Sidewalk Labs claims its Toronto ‘smart neighborhood’ will create more than 9,000 jobs
A new development proposal from Sidewalk Labs about the company’s plans for Quayside, the technology-laden neighborhood it’s building in Toronto, claims it will bring more than 9,000 new construction jobs, 2,500 housing units and integration into the city’s light-rail transit system.
The Quayside proposal, which will be publicly presented next week at the company’s fourth public roundtable, outlines the latest vision put forth for the 12-acre lot on Toronto’s eastern shore. Sidewalk — the urban-innovation division of Google parent Alphabet — is the lead technology developer working with Waterfront Toronto, the agency that overseeing the transformation of the unused industrial lot into a tech-friendly neighborhood.
In addition to the construction jobs, Sidewalk says the development of the mixed-use neighborhood will result in 3,900 permanent jobs. The development will also aim to reduce its greenhouse gas emissions by 75 to 85 percent in comparison to similarly sized urban development projects.
Emphasizing a network of “people-first” streets and sustainable architecture, the new proposal doubles down on the company’s previous commitment to timber as its primary building material, citing wood’s sustainability and versatility. The document details the company’s plan for five different sites within Quayside. Four of the sites will feature 25- or 30-story high-rises set along the back of the neighborhood, with shorter buildings placed closer to the water. The fifth will contain five low-rise buildings.
Sidewalk says 68 percent of the neighborhood’s construction will be set aside for residential space — 2,500 units for 5,000 residents, according to the company’s estimate. At least 40 percent of those will be classified as below-market. That’s a step in the right direction, but its not going to solve the problem alone, according to an expert on Toronto’s housing market.
“We’re not going to solve Toronto’s affordable housing crisis with 40 percent of 2,500 units,” said Shauna Brail, director of the Urban Studies Program at the University of Toronto. “I don’t think it’s realistic to expect on one 12-acre site that we’re going to solve that either. However, does it make a dent? Absolutely — every new affordable housing unit helps to create a home for a family that can’t afford one or a household that otherwise can’t afford one.”

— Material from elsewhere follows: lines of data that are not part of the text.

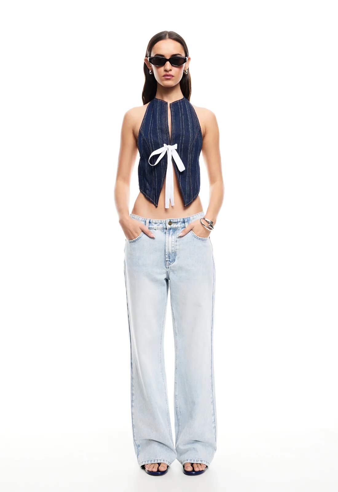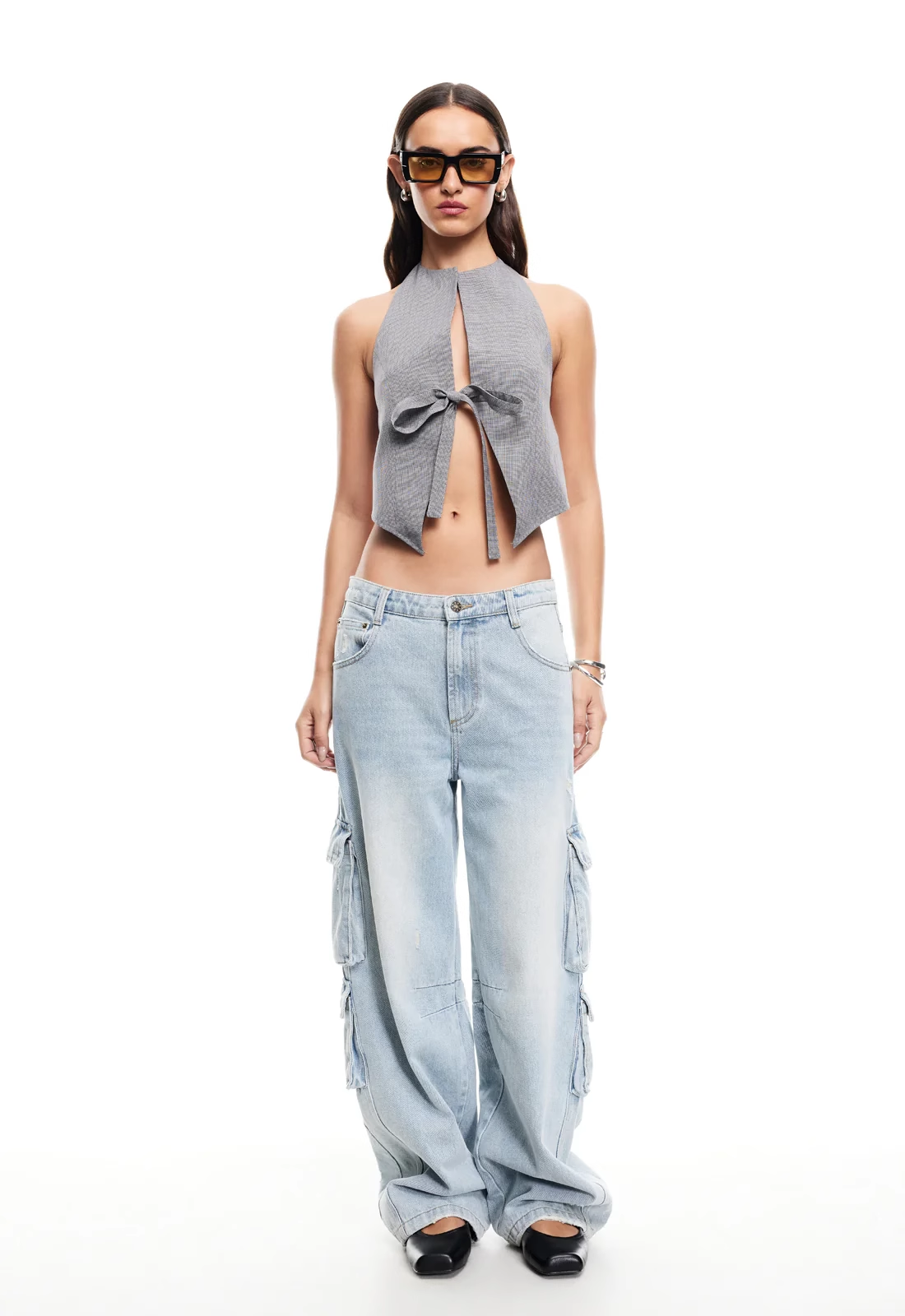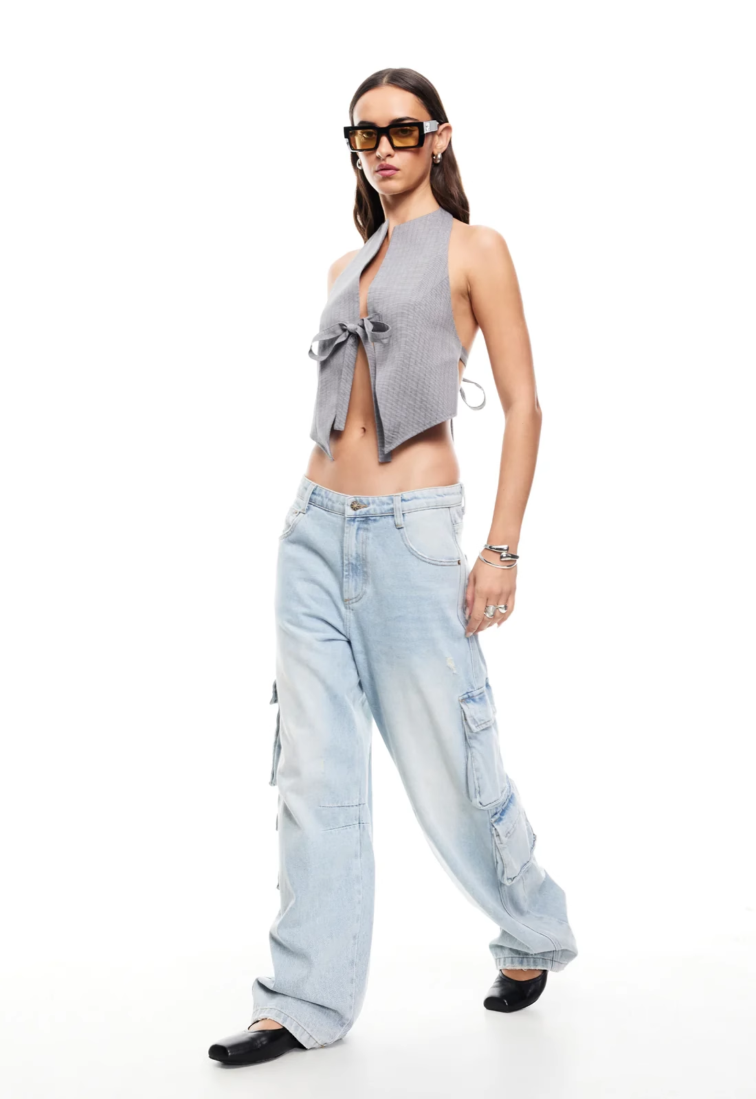 现货Lioness性感辣妹挂脖露背西装蝴蝶结系带修身上衣背心吊带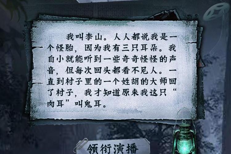 我叫李山。人人都说我是一个怪胎,因为我有三只耳朵。我自小就能听到一些奇奇怪怪的声音,但每次回头都看不见人。直到村子里的一个姓胡的大师回了村子,我才知道原来我这只肉耳”叫鬼耳。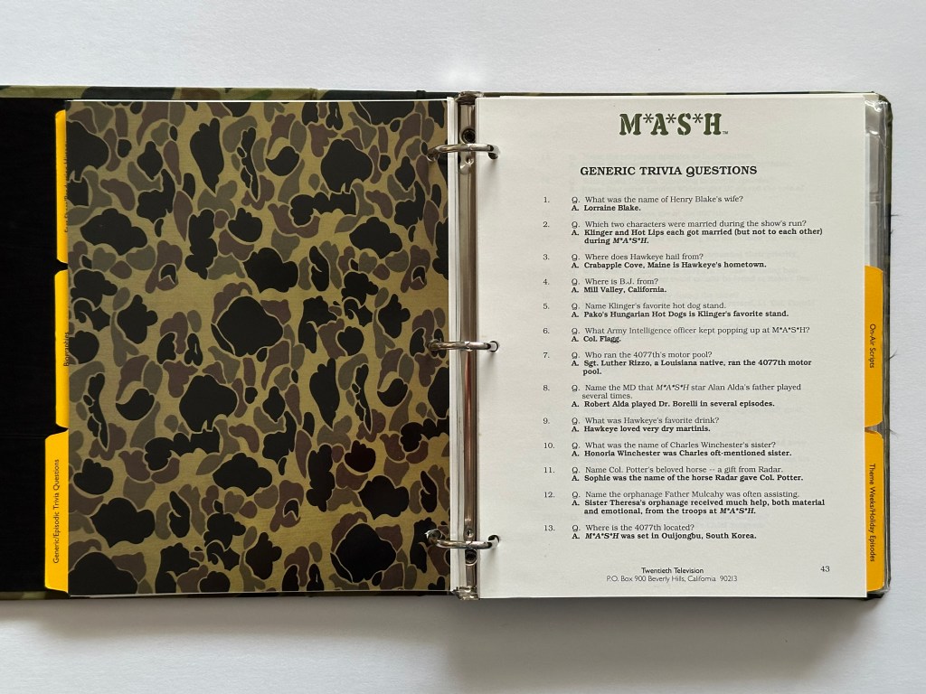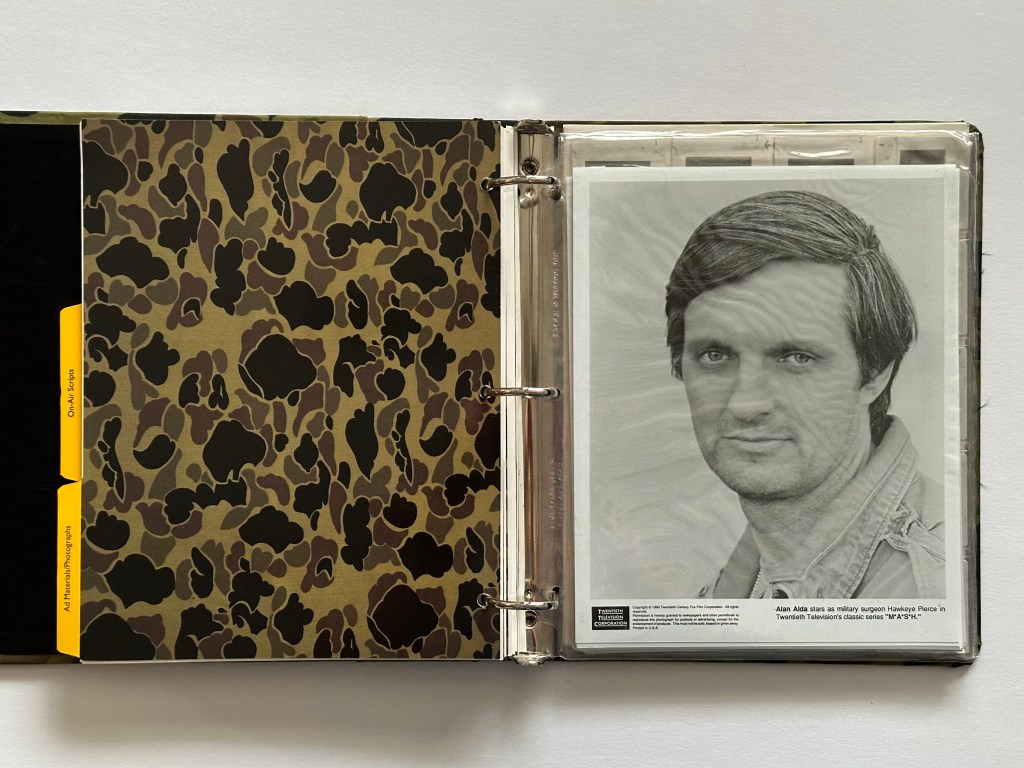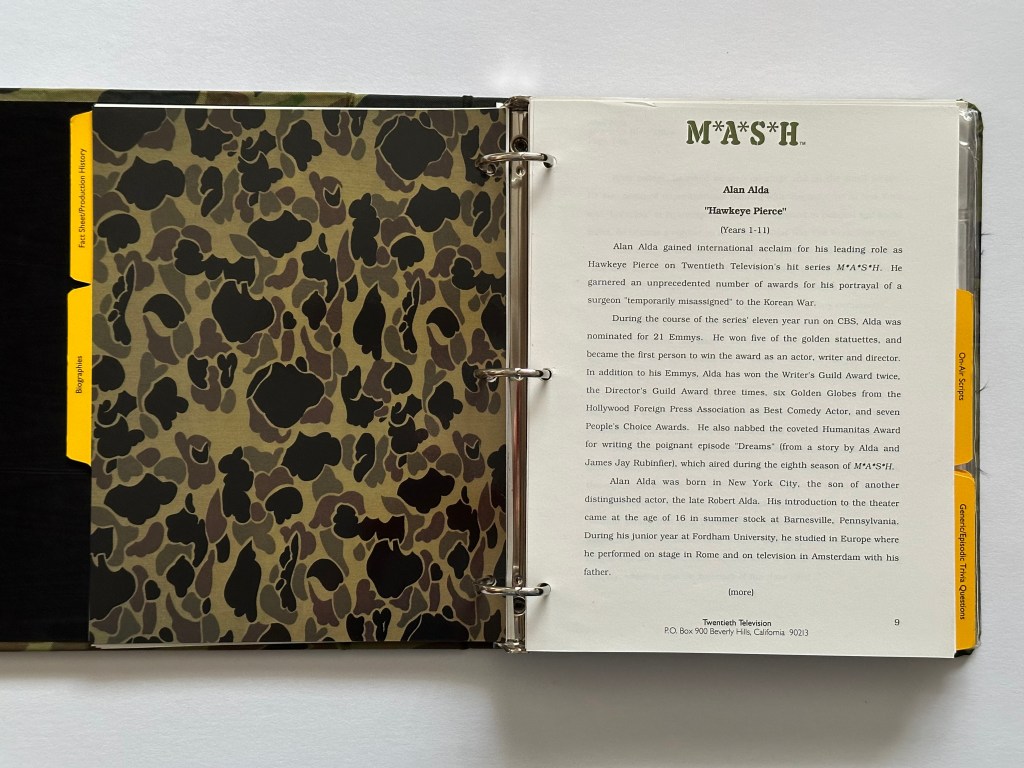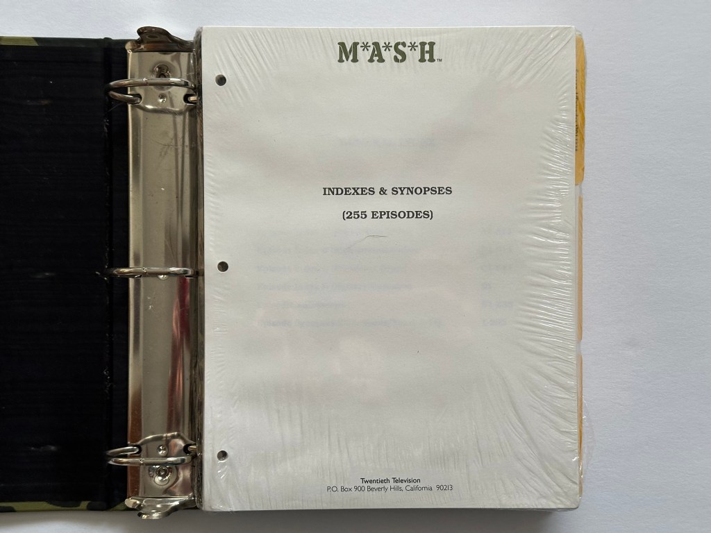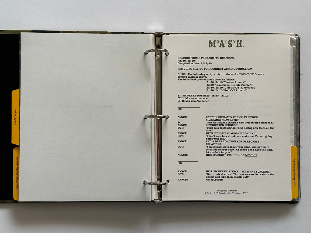 The kit contains two, giant binders with camouflage canvas coverings. The first contains “Synopses” of the series as a whole, each season, and each of the individual episodes. In this binder, all the contents are still sealed in shrink wrap, and I cannot bring myself to open it! You might notice that the cover page says that there are 255 episodes of M*A*S*H and not 251. Both totals are technically correct because there were 251 episodes that originally aired on CBS. However, in syndication, hour-long episodes were broken up in to two half-hour episodes. That increases the total to 255 episodes. This binder would have been an important resource when the station was advertising specific episodes or looking for a specific episode to create theme weeks.

A Sidewalk official said he agrees. No one project will solve the crisis, said Andrew Winters, the company’s associate director of mobility. The company has engaged with the public and the city on the issue, and the housing plan will create much-needed living space that isn’t just affordable housing or high-end housing — what he called the “missing middle.”
The new proposal also confirms the company’s desire to solve an overarching question of so-called smart cities: What will Sidewalk do with all the data its devices collect on the residents who eventually move into Quayside? The company said it will store that information in an independent “civic data trust,” a concept first described by Sidewalk in October as a way of transparently housing the data collected by the environmental sensors that will be present throughout the neighborhood.
Questions still abound how a data trust would even be funded or managed, and the company has repeatedly failed to elaborate on issues of privacy, which has led to people leaving the project. In July, Julie Di Lorenzo, then a board member of Waterfront Toronto, resigned over concerns that Sidewalk was “shortchanging” the city over the issue of privacy. In October, Ann Cavoukian, Ontario’s former privacy commissioner and an expert-in-residence at Ryerson University, resigned as a paid consultant for Sidewalk over concerns that data collected by sensors would not be anonymized.